To determine whether the extent of leukoaraiosis, a composite marker of baseline brain integrity, differed between patients with TIA with diffusion-weighted imaging (DWI) evidence of infarction (transient symptoms with infarction [TSI]) and patients with ischemic stroke.


Leukoaraiosis volume on MRI was quantified in a consecutive series of 153 TSI and 354 ischemic stroke patients with comparable infarct volumes on DWI. We explored the relationship between leukoaraiosis volume and clinical phenotype (TIA or ischemic stroke) using a logistic regression model.


Patients with TSI tended to be younger (median age 66 vs 69 years, p = 0.062) and had smaller median normalized leukoaraiosis volume (1.2 mL, interquartile range [IQR] 0.2-4.7 mL vs 3.5 mL, IQR 1.2-8.6 mL, p < 0.001). In multivariable analysis controlling for age, stroke risk factors, etiologic stroke mechanism, infarct volume, and infarct location, increasing leukoaraiosis volume remained associated with ischemic stroke (odds ratio 1.05 per mL, 95%confidence interval 1.02-1.09, p = 0.004), along with infarct volume and infarct location.

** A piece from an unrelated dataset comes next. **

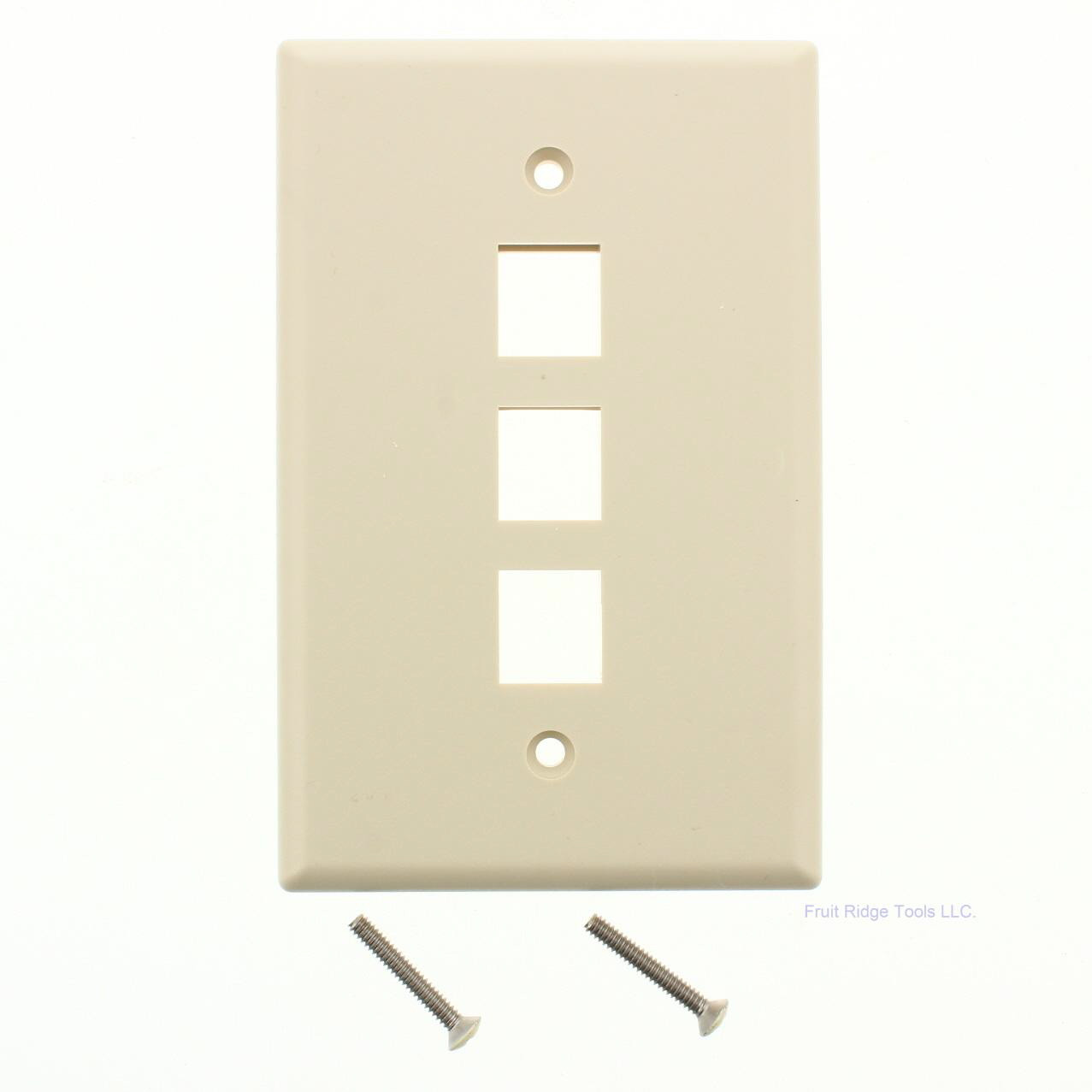 Eaton 5530V-MSP ivory mid-size 110 style 3-port thermoplastic wallplate. Flush mounted design that accepts 110 style snap-in standard jacks, F-connector, audio style, and blank face insert modules for your audio, video, and telecommunications needs. Can be mounted to recessed wall boxes and brackets for a low profile look; also attaches to surface mount wiring boxes. Includes color matching mounting screws. Each is individually packaged; packaging may differ from photo.

The probability of ischemic stroke rather than TSI increases with increasing leukoaraiosis volume, independent of infarct size and location. Our findings support the concept that the integrity of white matter tracts connecting different parts of the brain could contribute to whether or not patients develop TSI or ischemic stroke in an event of brain infarction.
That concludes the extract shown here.